OpenAI Realtime API | Ry Walker Research

Key takeaways

First major speech-to-speech API from a leading AI lab, now GA with gpt-realtime model showing 82.8% reasoning accuracy
Native WebSocket architecture eliminates ASR→LLM→TTS pipeline latency and preserves speech nuance
Production features include MCP server support, image inputs, SIP telephony, and async function calling

FAQ

What is OpenAI Realtime API?

OpenAI Realtime API is a speech-to-speech API that processes and generates audio directly through a single model, enabling low-latency voice agents with natural interruption handling and tool calling.

How much does OpenAI Realtime API cost?

gpt-realtime costs $32/1M audio input tokens and $64/1M audio output tokens.
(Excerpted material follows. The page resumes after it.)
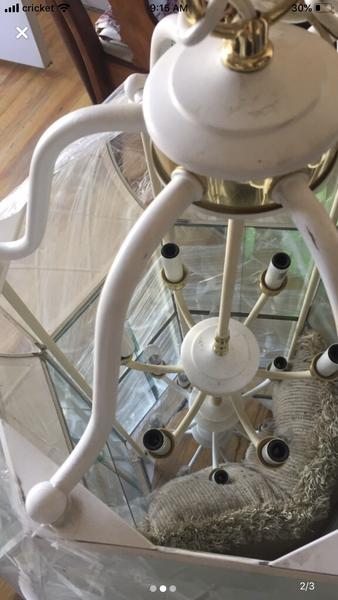 Reduced to sell! Huge chandelier with 3 sets of lights. Best offer will be accepted. I don't have any history on this awesome Chandelier, other than it was purchased at an Auction. Condition is near perfect, as far as I can tell with it being wrapped up tight. All reasonable offers will be considered, serious buyers only please. No holds, until confirmation is received buyer is on way to purchase.
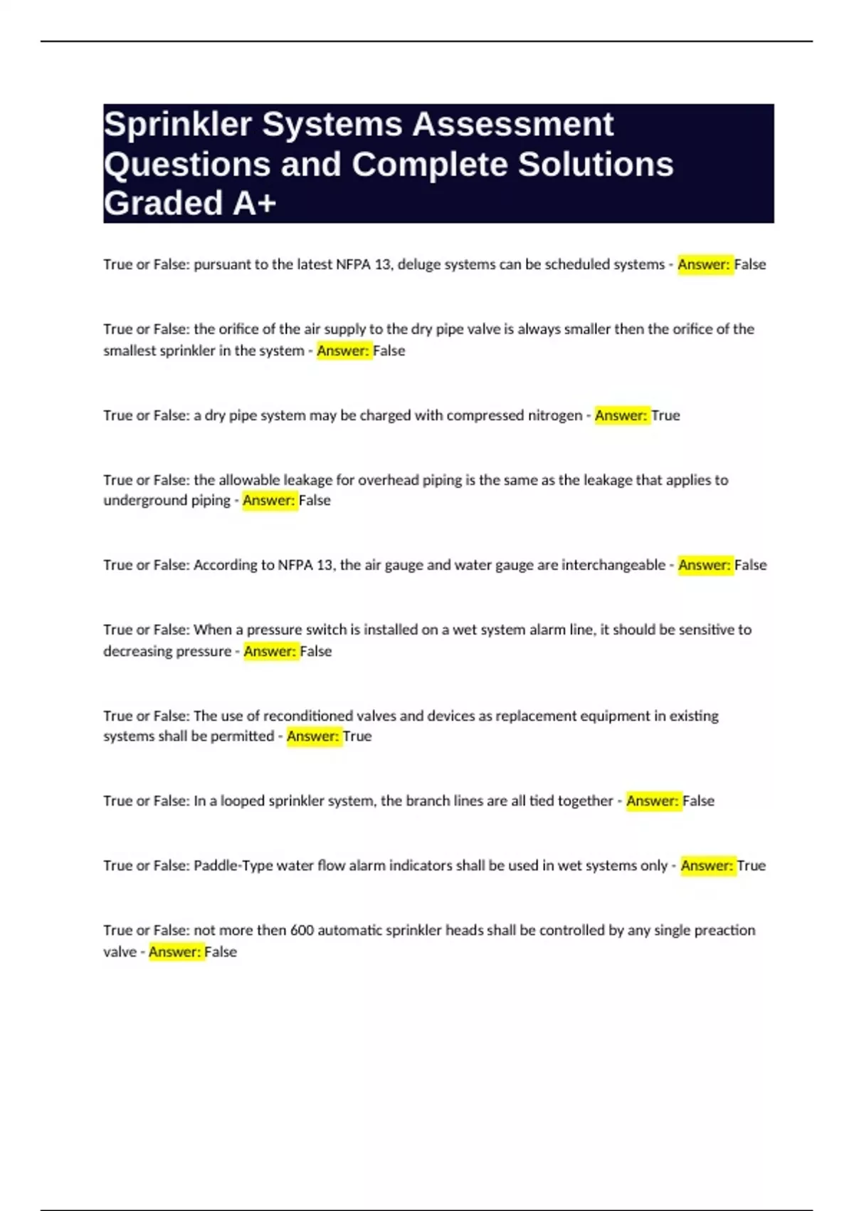 Sprinkler Chart Questions (S12) Questions and Complete Solutions Graded A Bundle Compilation

Roughly $0.06/min input and $0.24/min output, making a balanced conversation approximately $0.15-0.20/minute.

What voices are available?

10 voices including two new exclusive voices (Cedar and Marin) plus 8 updated existing voices optimized for natural-sounding speech.

Executive Summary

OpenAI Realtime API is the production-ready speech-to-speech API from OpenAI, enabling developers to build low-latency voice agents that can see, hear, and speak in realtime. Unlike traditional pipelines that chain ASR→LLM→TTS, the Realtime API processes audio directly through a single model, reducing latency and preserving nuance in speech.

Attribute	Value
Company	OpenAI
Launched	October 2024 (beta), 2025 (GA)
Model	gpt-realtime
Connection	WebSocket
Status	Generally Available

Product Overview

The Realtime API was first introduced in public beta in October 2024 and has since been used by thousands of developers to build production voice agents. The GA release includes the new gpt-realtime model, which shows significant improvements in instruction following, function calling, and natural speech quality.

The API is optimized for real-world tasks like customer support, personal assistance, and education—trained in collaboration with customers to excel at production voice agent use cases.

Key Capabilities

Capability	Description
Speech-to-Speech	Single model processes audio input and generates audio output
Natural Interruptions	Handles barge-in and turn-taking natively
MCP Server Support	Connect remote MCP servers for tool access
Image Inputs	Add images/screenshots to conversations
SIP Telephony	Direct integration with phone networks
Async Functions	Continue conversations during long-running function calls

Voices

Voice	Description	Availability
Marin	New, optimized for natural speech	Realtime API exclusive
Cedar	New, optimized for natural speech	Realtime API exclusive
8 Existing	Updated for improved quality	All APIs

Technical Architecture

The Realtime API uses a WebSocket connection for bidirectional streaming of audio and events. This architecture enables true real-time interaction without the latency penalties of request-response patterns.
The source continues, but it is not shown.